Giuseppe Salerno, Sr Associate IDS Digital Solutions And Data Engineering, Eli Lilly Italia

Repeatable and stable manufacturing processes are essential for ensuring a reliable supply. In the realm of pharmaceutical continuous batch processes, maintaining stability amidst the intricate web of multivariate time series variables presents a significant challenge.
This presentation introduces a solution tailored to address this challenge by harnessing the combined capabilities of Seeq and Power BI. The integration facilitates anomaly detection within continuous batch processing, streamlining the diagnostic process to pinpoint and mitigate sources of process variability.

Built on a data-driven foundation, the solution employs time series distance computation between a golden standard series and those generated during production cycles.

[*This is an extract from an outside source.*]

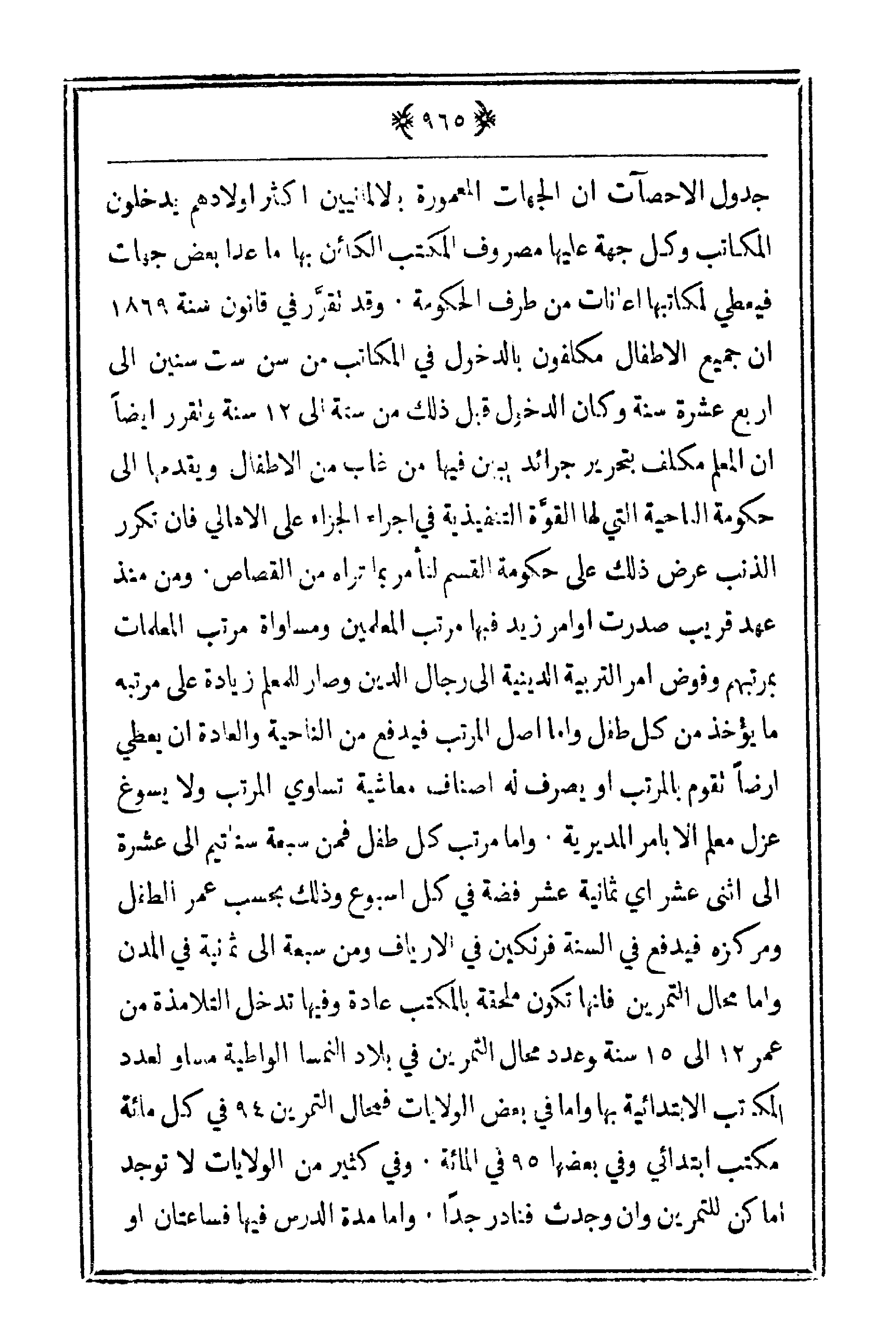 جدول الإحصاءات إن الجهات المعمورة بالألماني أكثر أولادهم يدخلون المكاتب وكل جهة عليها مصروف المكتب الكائن بها ما عدا بعض جهات فيعطي لمكاتبها إعانات من طرف الحكومة. وقد تقرّر في قانون سنة 1869 إن جميع الأطفال مكلفون بالدخول في المكاتب من سن ست سنين إلى أربع عشرة سنة وكان الدخول قبل ذلك من سنة إلى 12 سنة وتقرر أيضاً أن المعلم مكلف بتحرير جرائد يبين فيها من غاب من الأطفال ويقدمها إلى حكومة الناحية التي لها القوّة التنفيذية في إجراء الجزاء على الأهالي فإن تكرر الذنب عرض ذلك على

These data inputs fuel a neural network tasked with classifying cycles as anomalous or within expected parameters.
What distinguishes this solution is its level of abstraction and adaptability, allowing for easy replication across different production processes with very limited configuration effort. Moreover, its operational versatility via Python embedded in Seeq Data Lab promotes scalability across various manufacturing environments.
This presentation not only showcases the effectiveness of the solution in ensuring process stability but also emphasizes its adaptability and scalability, highlighting its potential as a versatile tool for enhancing reliability in pharmaceutical manufacturing.